Provided data ->
·····

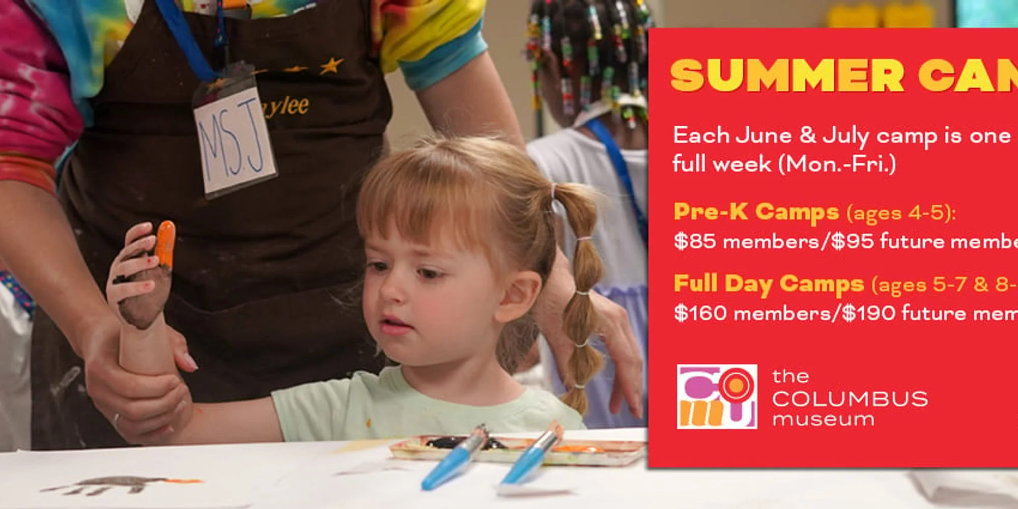 Campers solve art mysteries in the galleries using observation, drawing, painting, and collage. Our summer camps offer a fun, creative environment where campers can explore art through engaging studio lessons, hands-on art making, and daily gallery walks throughout the Museum. Each week concludes with a special exhibition celebrating every camper’s artwork – an experience families and friends won’t want to miss. To help ensure a positive experience for all campers, please note: Campers must meet the minimum age requirement on or before the first day of their registered camp session. Pre-K campers must be fully toilet-trained and able to use the bathroom independently. Full-day campers should bring a lunch and a snack each day; Pre-K campers only need to bring a snack.
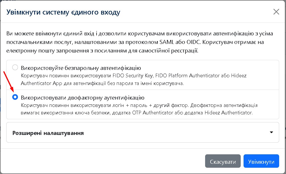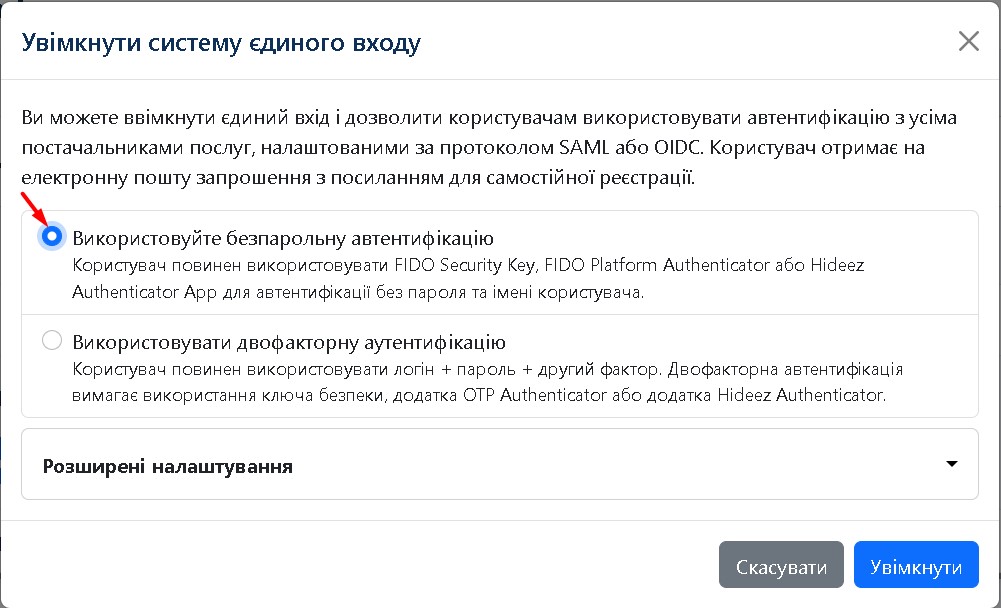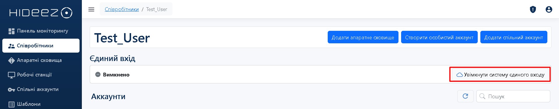 Увімкнути систему Єдиного входу для співробітника
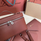 EXTRA POCKET L19 IN GARNET RED CALFSKIN WITH SILVER HARDWARE
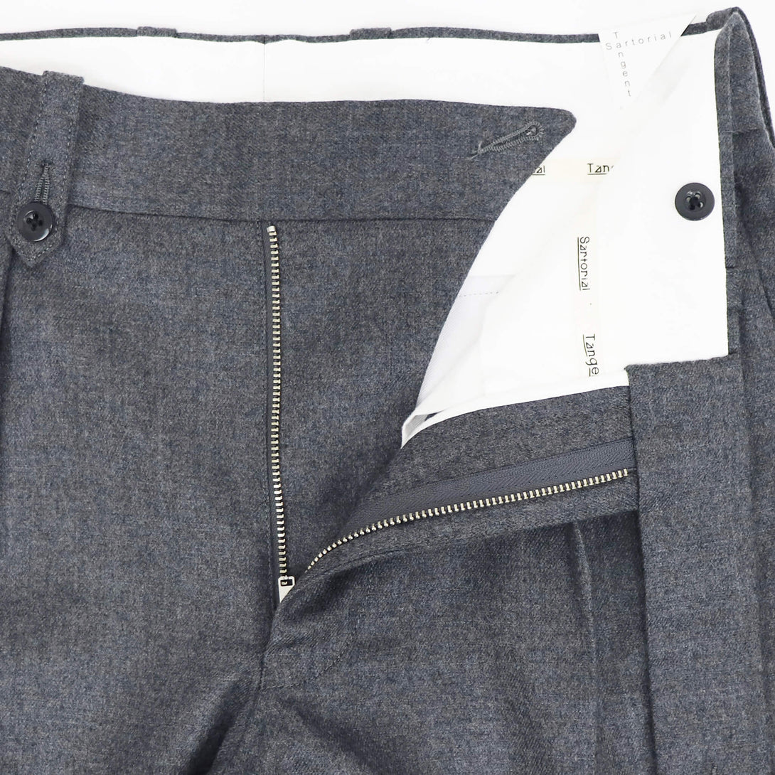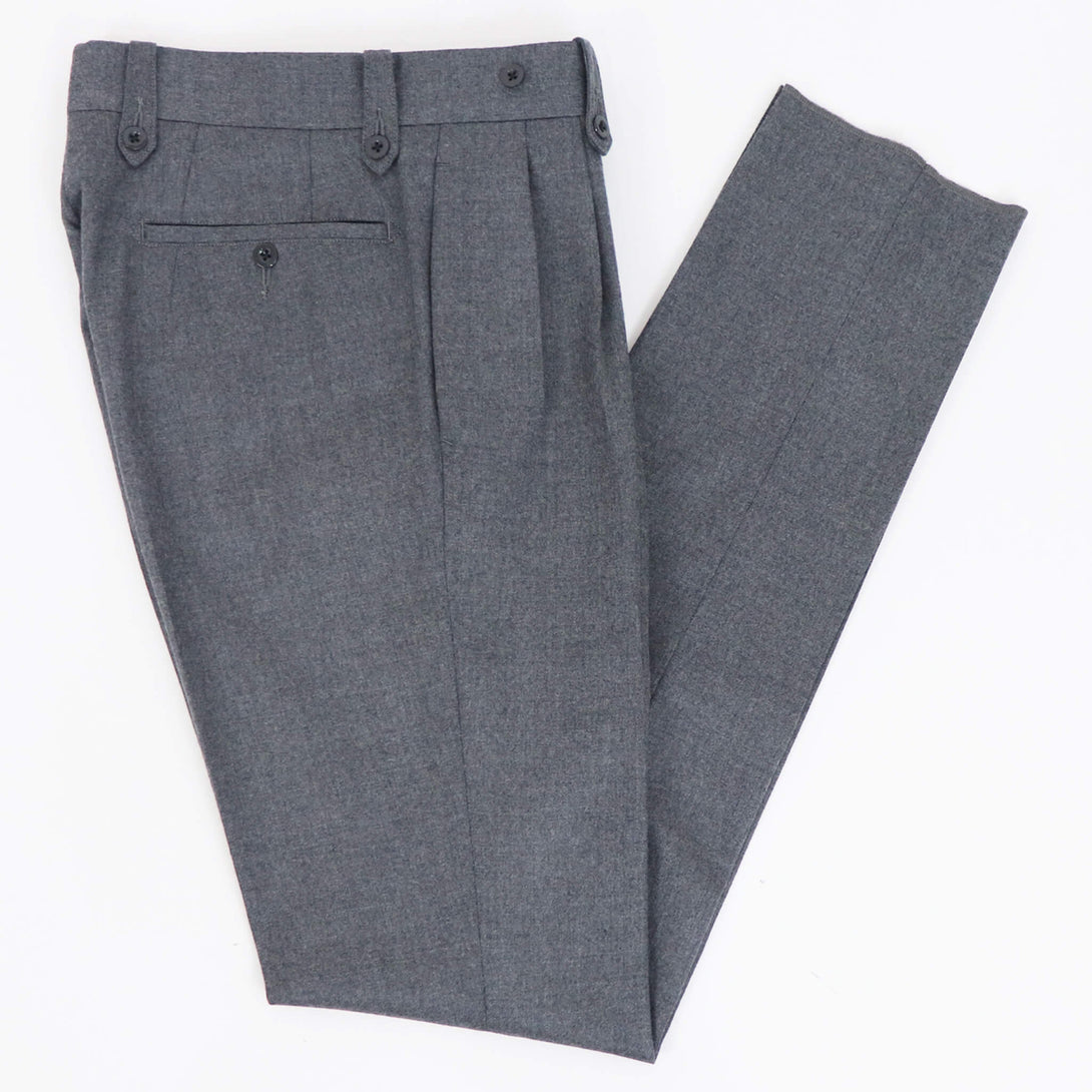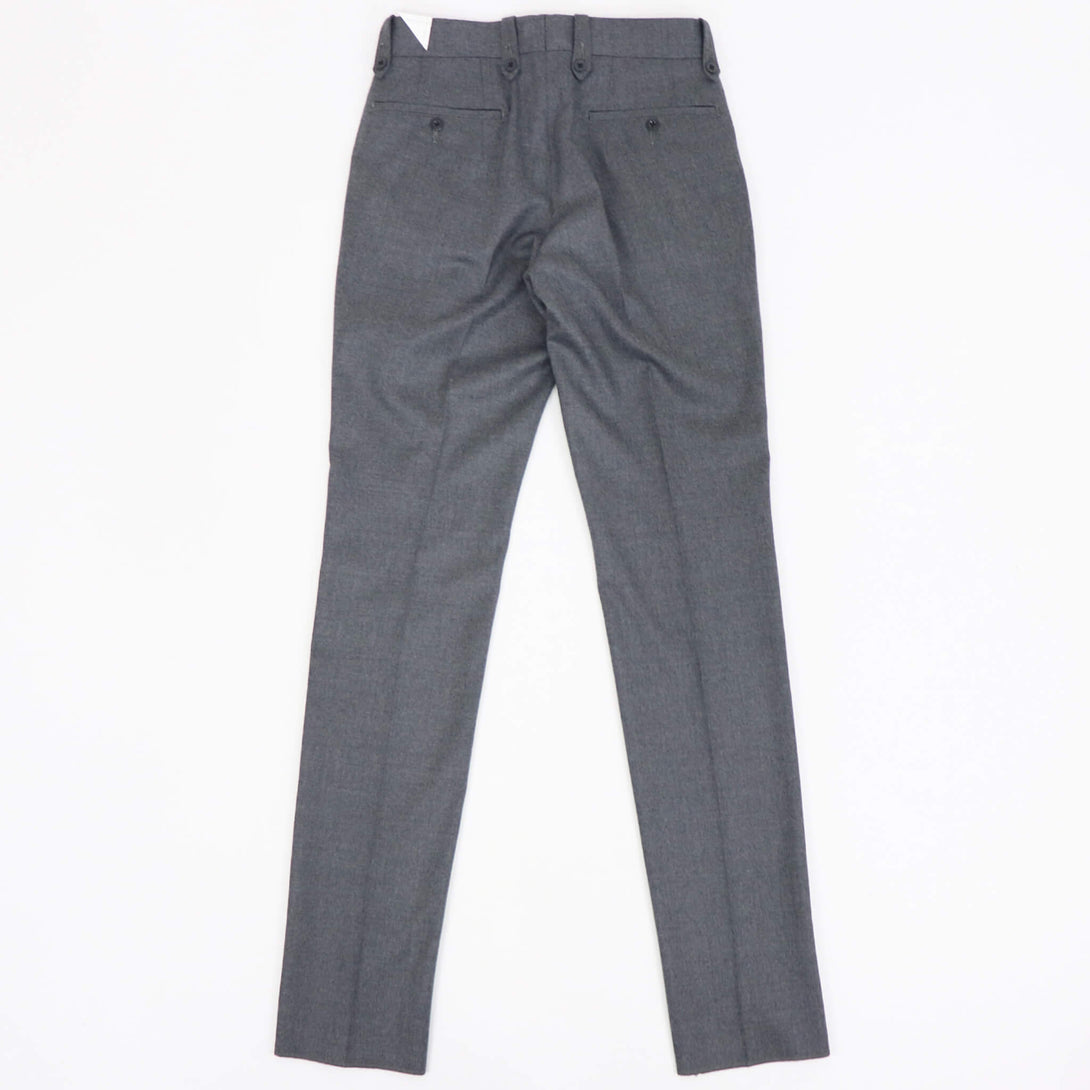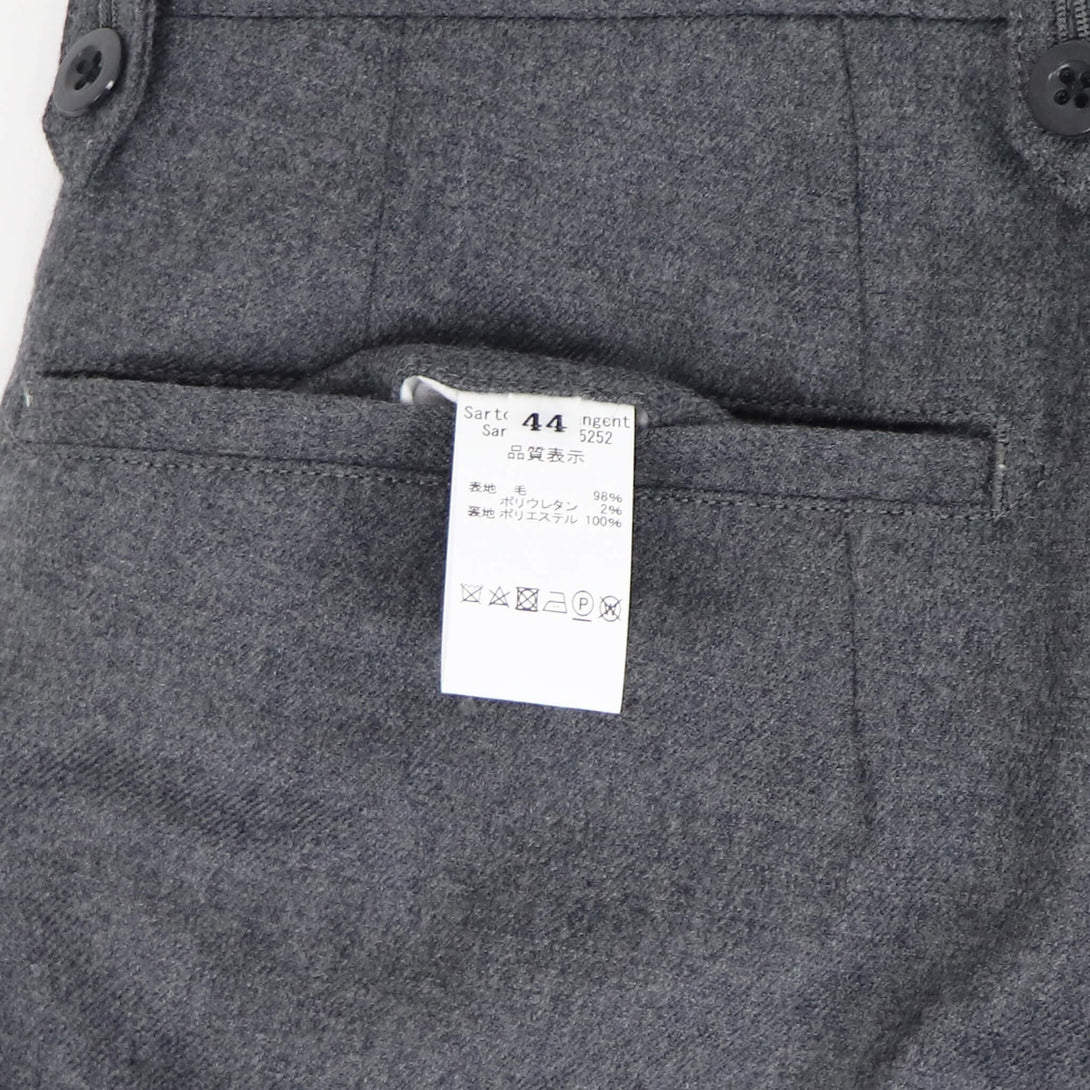 英国軍40’sのグルカパンツがベース。サイドアジャスターベルトなどでウエストを調整するものが有名ですが、こちらの初期タイプはウエストフロント部の長めの持ち出しでサイズを調整する仕様。ベルト部分には特徴的なボタン留めのループタブが配されています。テイラードパンツで使用されるプリーツ入りのマーベルトと、芯地を使用し吸いつくような腰回りの着心地を実現。渡りから裾にかけてテーパードでスリムなシルエットのパンツです。

·····

Every line of the listing above is to be set down verbatim, without the pictures.

 Campers solve art mysteries in the galleries using observation, drawing, painting, and collage. Our summer camps offer a fun, creative environment where campers can explore art through engaging studio lessons, hands-on art making, and daily gallery walks throughout the Museum. Each week concludes with a special exhibition celebrating every camper’s artwork – an experience families and friends won’t want to miss. To help ensure a positive experience for all campers, please note: Campers must meet the minimum age requirement on or before the first day of their registered camp session. Pre-K campers must be fully toilet-trained and able to use the bathroom independently. Full-day campers should bring a lunch and a snack each day; Pre-K campers only need to bring a snack.
 Увімкнути систему Єдиного входу для співробітника
 EXTRA POCKET L19 IN GARNET RED CALFSKIN WITH SILVER HARDWARE
 英国軍40’sのグルカパンツがベース。サイドアジャスターベルトなどでウエストを調整するものが有名ですが、こちらの初期タイプはウエストフロント部の長めの持ち出しでサイズを調整する仕様。ベルト部分には特徴的なボタン留めのループタブが配されています。テイラードパンツで使用されるプリーツ入りのマーベルトと、芯地を使用し吸いつくような腰回りの着心地を実現。渡りから裾にかけてテーパードでスリムなシルエットのパンツです。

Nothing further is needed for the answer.